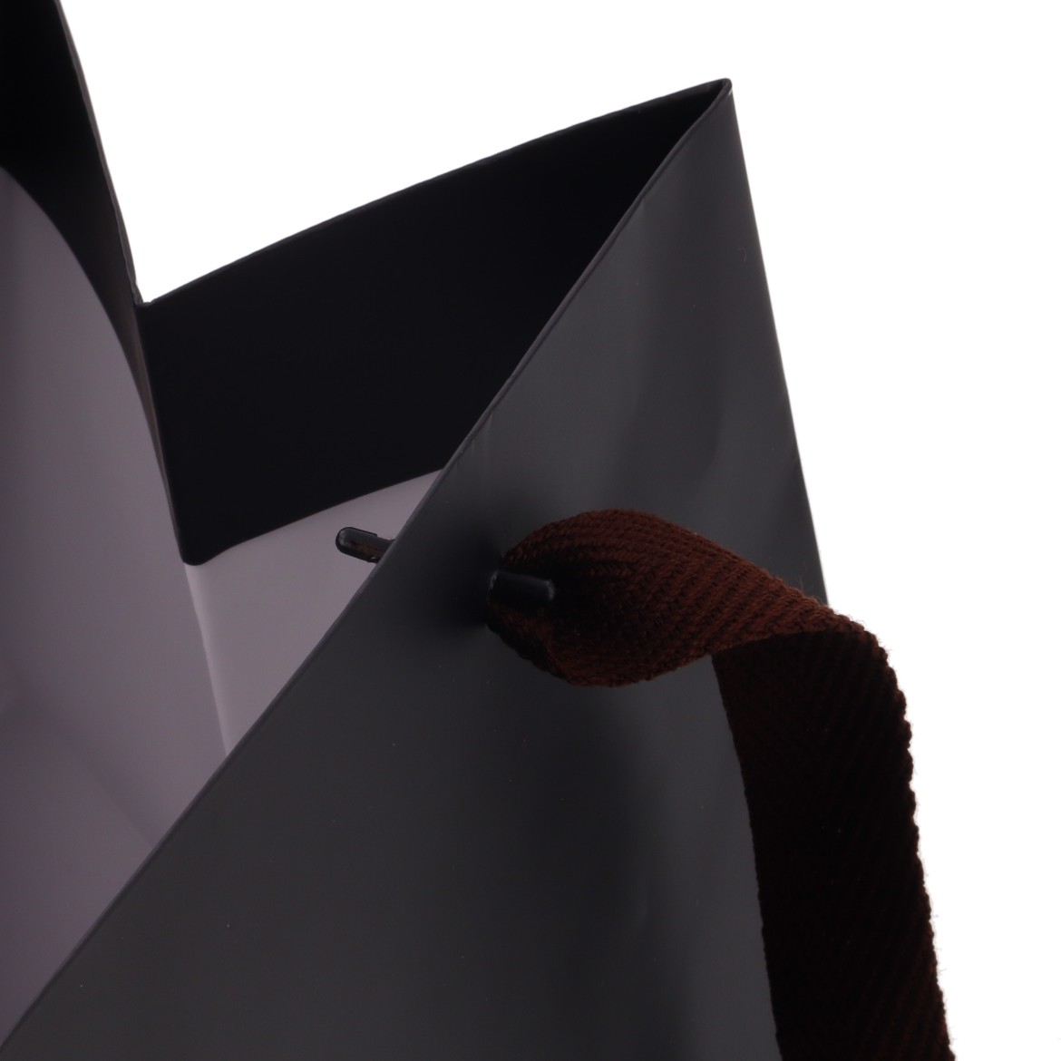 [ひも取付式]黒マット紙手提げ 紐:ディープブラウン
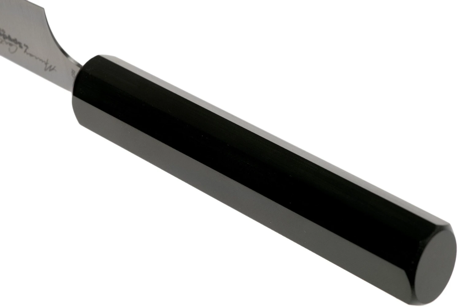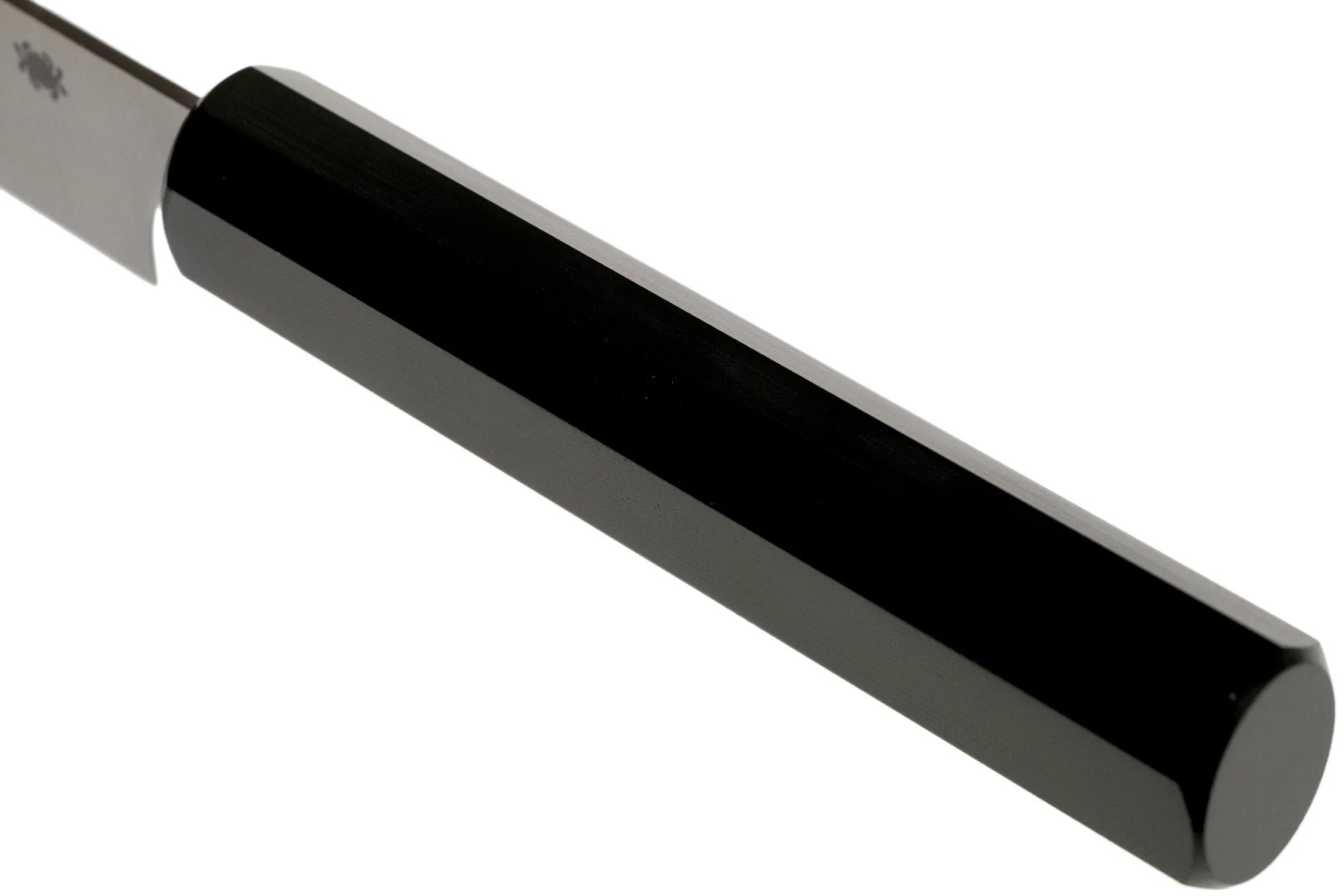 Le Spyderco Wakiita Petty de la collection Murray Carter est le plus petit couteau de cuisine de cette gamme. Le Petty est donc un petit couteau que l’on pourrait comparer aux couteaux Ă Ă©plucher occidentaux. Parfait pour Ă©plucher et couper les fruits et lĂ©gume ou encore couper de la garniture pour dĂ©corer les plats.
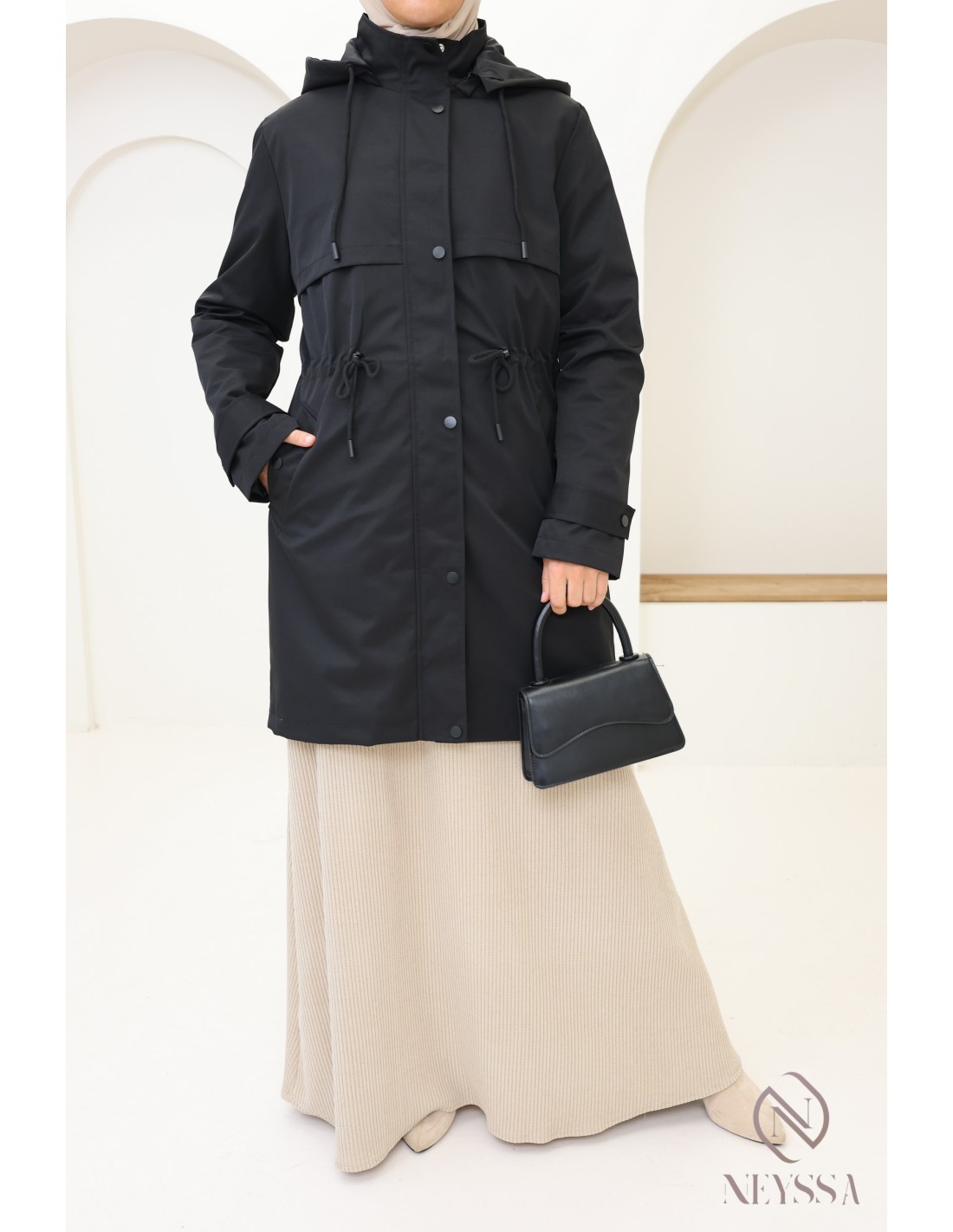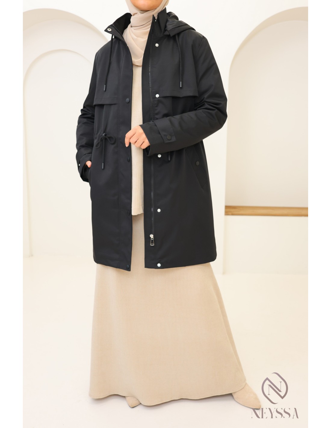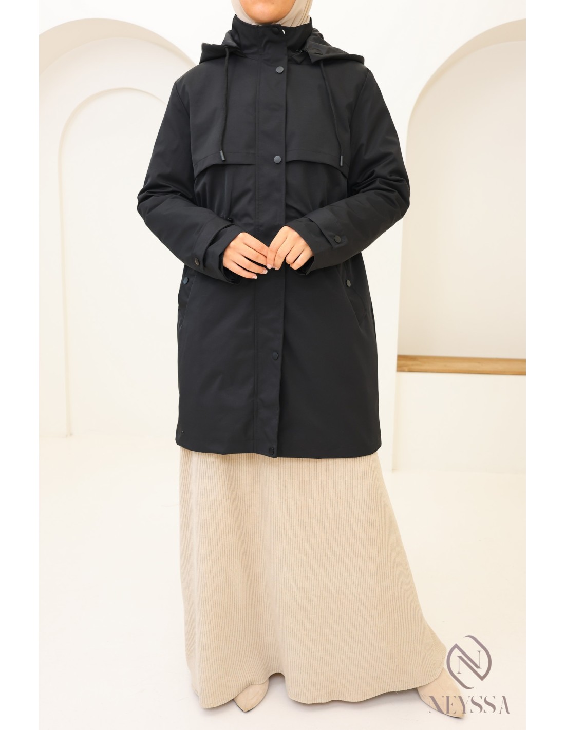 Looking for a trendy and practical mid-length parka for rainy days? Discover our selection designed to combine fashion and functionality in ready-to-wear clothing for veiled women.

**Try it**: Where a picture appears, omit it, and otherwise retype the material exactly.

**Reply**:
 [ひも取付式]黒マット紙手提げ 紐:ディープブラウン
 Le Spyderco Wakiita Petty de la collection Murray Carter est le plus petit couteau de cuisine de cette gamme. Le Petty est donc un petit couteau que l’on pourrait comparer aux couteaux Ă Ă©plucher occidentaux. Parfait pour Ă©plucher et couper les fruits et lĂ©gume ou encore couper de la garniture pour dĂ©corer les plats.
 Looking for a trendy and practical mid-length parka for rainy days? Discover our selection designed to combine fashion and functionality in ready-to-wear clothing for veiled women.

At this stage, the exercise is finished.